Play nice. This is a good general rule for any part of business, but sometimes it can be hard if you feel like others are not including you and your work or valuing it appropriately. Try to let all of that go and find everyway possible to collaborate. Ask people for their thoughts and perspectives on user experience. You will always learn something, at the very least you will learn more about how that person thinks.
Pick your battles. Be okay with not getting your way all of the time. There are times when it will be much better for the long haul to just let some stuff go, even you disagree, even if it contrary to your entire vision. Here is an admission I almost hate to make: I’ve let whole projects launch without pushing for a UX component because I knew that harping on it at that time and circumstance would probably turn people off longer term and I knew that I needed all the support I could get later on for more critical work. The key is knowing which battles to let go, and it’s something I still spend everyday thinking about.
Strategy and tactics. We have been talking a lot about strategy over the last number of years, and how to get a ‘seat at the strategy table’, but we can’t forget the tactics as well.
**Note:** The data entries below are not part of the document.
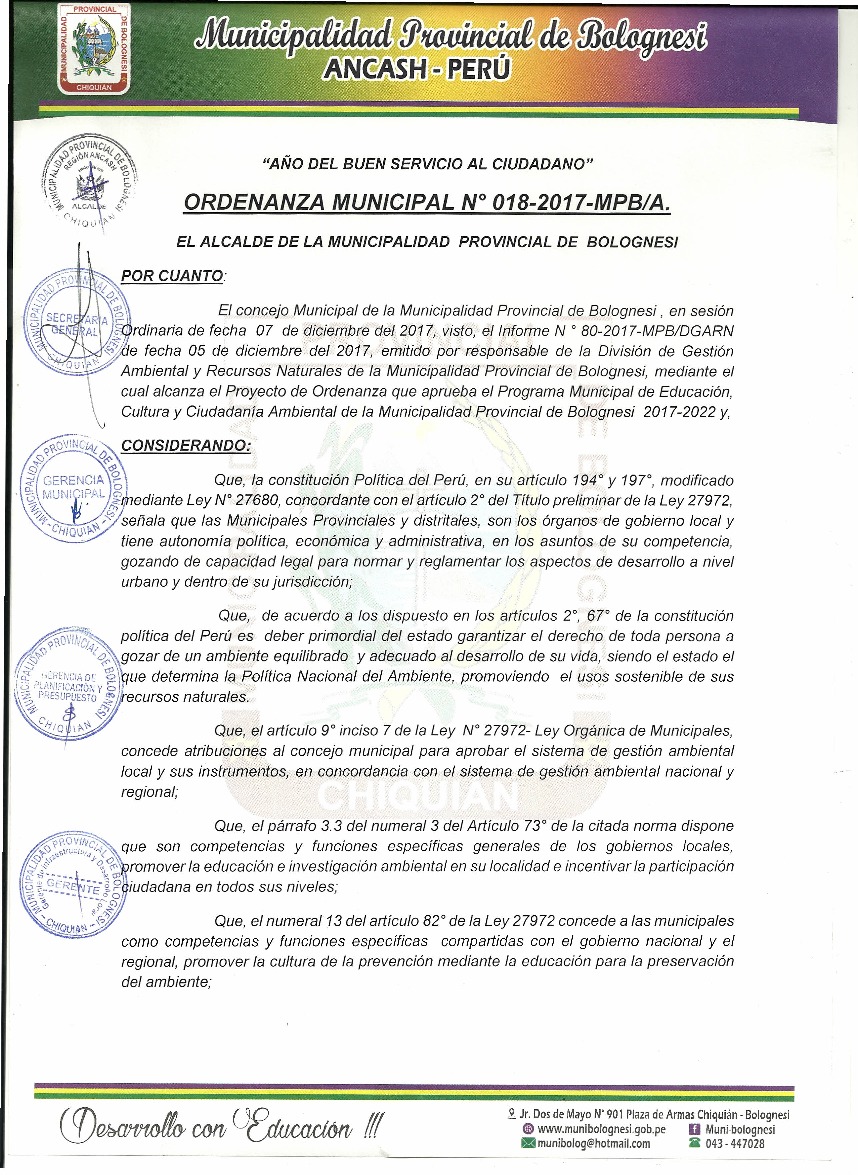 Programa Municipal EDUCCA 2017-2022 MUNICIPALIDAD PROVINCIAL DE BOLOGNESI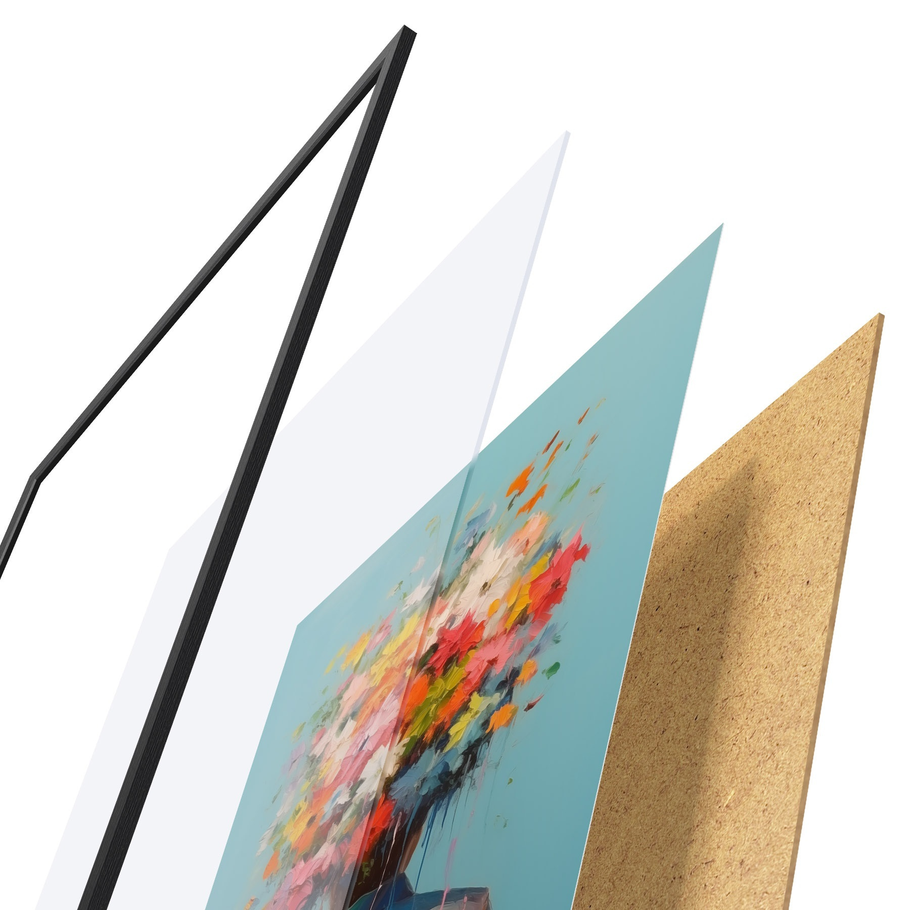 Das Poster besteht aus einem Rahmen, Plexiglas, einem gedruckten Bild und einer Rückwand aus Spanplatten. Dank der Halterungen auf der Rückseite kann das Poster sofort an die Wand gehängt werden.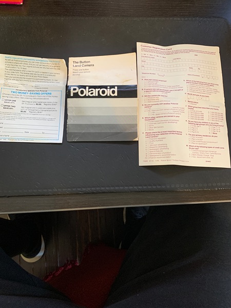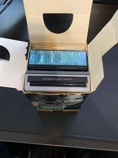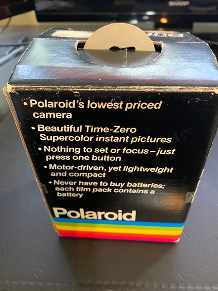 For sale is a retro Polaroid The Button Land Camera, circa 1980. Includes original box, owner's manual, flash bar with three bulbs remaining, and owner's registration card. The camera is in excellent condition and the box is in fair condition, given it's age. The camera uses SX-70 film, or the camera can be modified to accept 600 film. Fun time-zero point and click pictures. Thank you.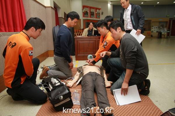 훈련은 실제 출동하는 구급대원 팀별로 심정지 환자 마네킨을 두고 ▲보호자 문진 ▲환자평가 ▲현장 응급처치 역할분담 ▲자격별 응급처치 등의 내용으로 이론을 배우고 직접 실습하는 시간을 가진다.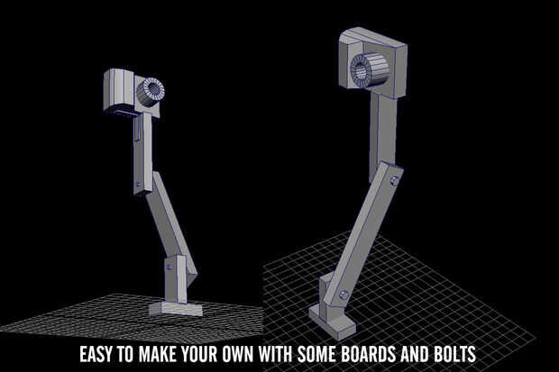 También se podría hacer una cámara de brazo con un soporte parecido a estas armas ya existentes. He hecho una pequeña maqueta en Maya. Con nada más que un tablero, algunos soportes y algunas tuercas de mariposa, usted puede tener su propia articulación del brazo. En realidad, este sistema funcionaría incluso mejor que el que he hecho, y probablemente algo así como lo hará para un explorador del futuro libro.

A lot of Hippos prize results above all else, and you could have the most brilliant strategy in the world, but if you can’t walk the walk they could lose interest. Pride yourself on finding ways to just get something done. Even if it is on something small, it will start to get you noticed as a do-er, and in a world where everyone wants a piece of the strategy pie, sometimes playing the tactics is different enough to get you noticed.
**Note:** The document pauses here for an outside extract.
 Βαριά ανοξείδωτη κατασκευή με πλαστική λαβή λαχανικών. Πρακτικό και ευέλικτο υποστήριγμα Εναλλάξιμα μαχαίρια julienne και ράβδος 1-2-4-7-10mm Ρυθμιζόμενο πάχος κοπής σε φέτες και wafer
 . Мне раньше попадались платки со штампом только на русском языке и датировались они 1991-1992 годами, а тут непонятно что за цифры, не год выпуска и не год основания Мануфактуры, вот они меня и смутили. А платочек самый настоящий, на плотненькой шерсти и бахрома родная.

Educate but don’t be pendantic. You may have to teach some Hippos about UX and why it is important. More challenging, you may have to re-teach them.
Use data and analytics. I have to admit; I am not a numbers person and have yet to discover any latent talent for analyzing data. However, in many many organizations, the higher up you get the more you have to care about KPIs and ROI and TCO and all of those financial acronyms. Get comfortable with measuring, analyzing and being accountable!